We haven’t been taking Guy Ritchie films seriously enough: The British are more committed to drinking and brawling than we realized. So committed, in fact, that the British government is developing a smash-proof pint glass designed to to cut down on the popular British pastime of “glassing” (smashing a glass over someone’s head). Brits should take it down a notch, and rediscover the magic of the fist.
Quick, take off your pants, your life’s in danger! Well, probably not, but you could start to feel numb. And nobody likes that, right? Details points out some fashion missteps that might be cutting your life short. From the dangers of year-round tanning to smoking (huge surprises), to the lurking threat of circulation-severing ties and dirty fingernails, you’ve got to act now before it’s too late.
Most importantly, avoid looking anything like the cast of “Jersey Shore“. There are fates even worse than death.
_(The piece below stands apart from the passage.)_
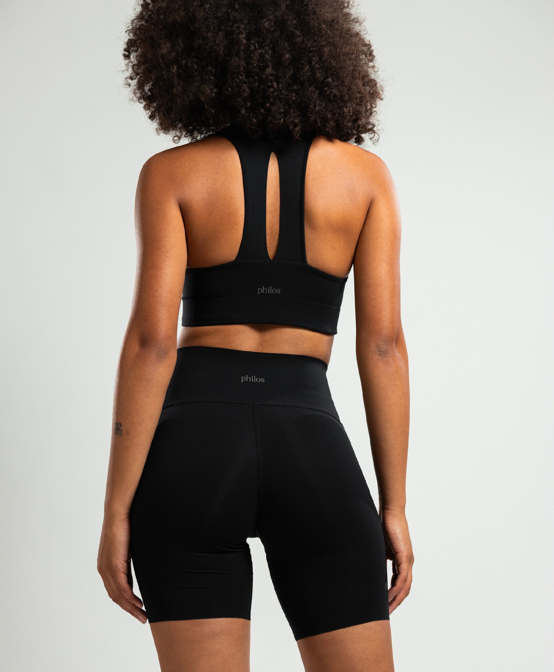 Our bestselling Philos women’s running shorts are precision-engineered for performance. They are expertly crafted from Aéras™, our award-winning performance knit fabric made in France (66% nylon, 34% elastane), with a super smooth feel on the skin that prevents chafing during movement. Precision tailored in Portugal by a female-owned manufacturer, these high-waisted women’s running shorts deliver soft compression that sculpts and flatters while moving easily with your body. The fabric is sweat-wicking, fast drying, and designed with 4-way performance stretch and SPF protection, ensuring comfort and coverage from your daily run to race day. Engineered as your all-season running shorts, whether you’re racing in summer heat or layering in colder months.
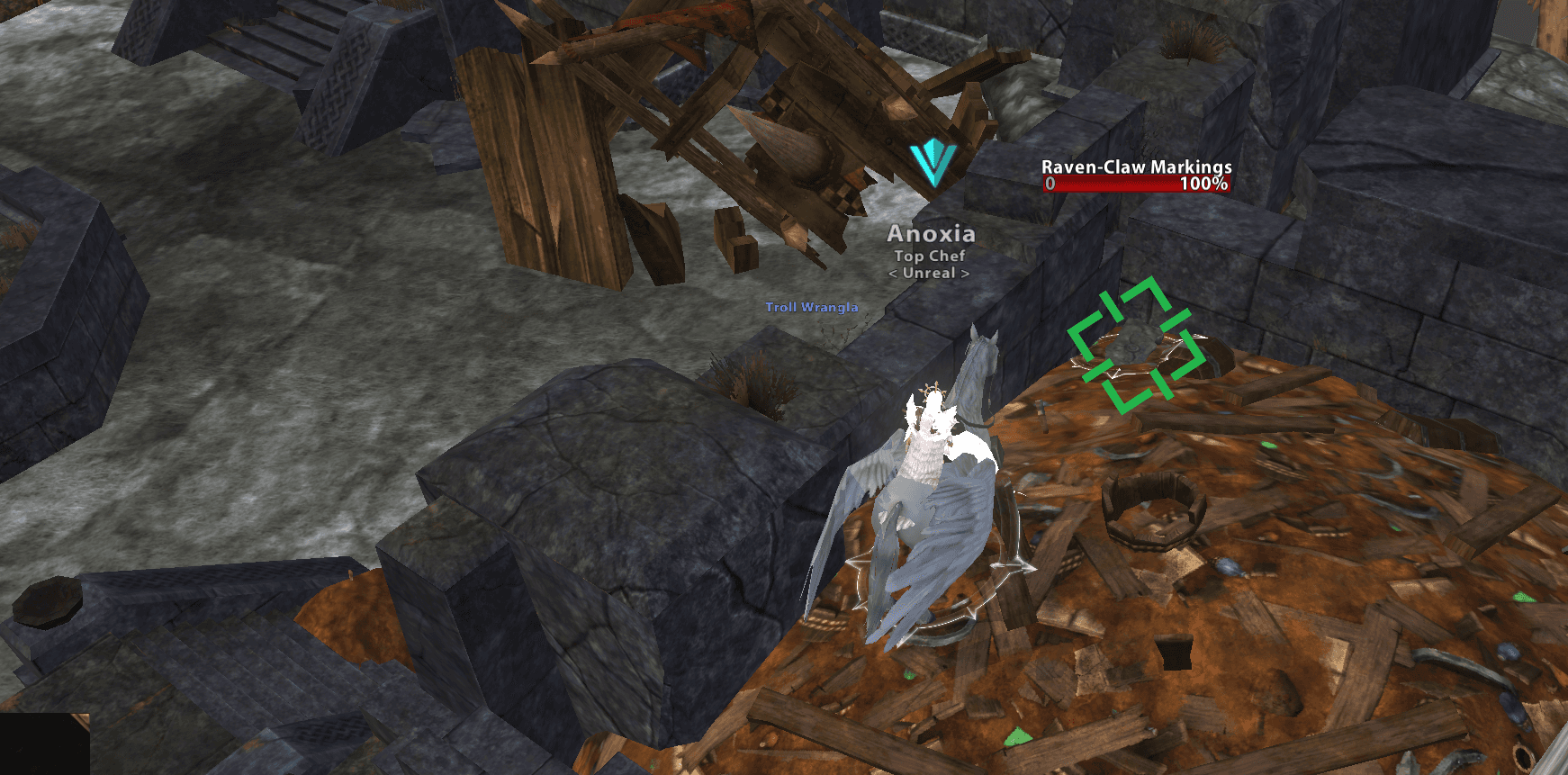 As soon as you come out the portal, look immediately to your right on a rubbish pile and click the stone called Raven-Claw Markings. It can be hard to get onto the pile. Click this to start the Feathers in the Wind quest that has multiple stages and you get a mix of stalwart stones, potion of acclaims and the last stage you get 6 Guild Coins

Nope, we’re not going to do it. Just because there’s a new set of golf balls featuring the faces of Tiger Woods’ many mistresses doesn’t mean we’re going to reduce ourselves to a series of cheap puns. Feel free to combine the words “balls,” “play,” and “mistresses” in any combination you see fit.
The humble burger is undergoing something of a renaissance. With new gourmet burger joints opening every week, there’s an arms race toward the most exotic burger. But Dubai looks poised to scoop victory with their unusual choice of meat: camel. We hear it retains moisture unusually well.
A man looking at pictures of Miranda Kerr during a newscast became a YouTube sensation. Miranda Kerr, subject of those clearly not-very-safe-for-work pictures, says the employee shouldn’t lose his job. Because really, who can blame him?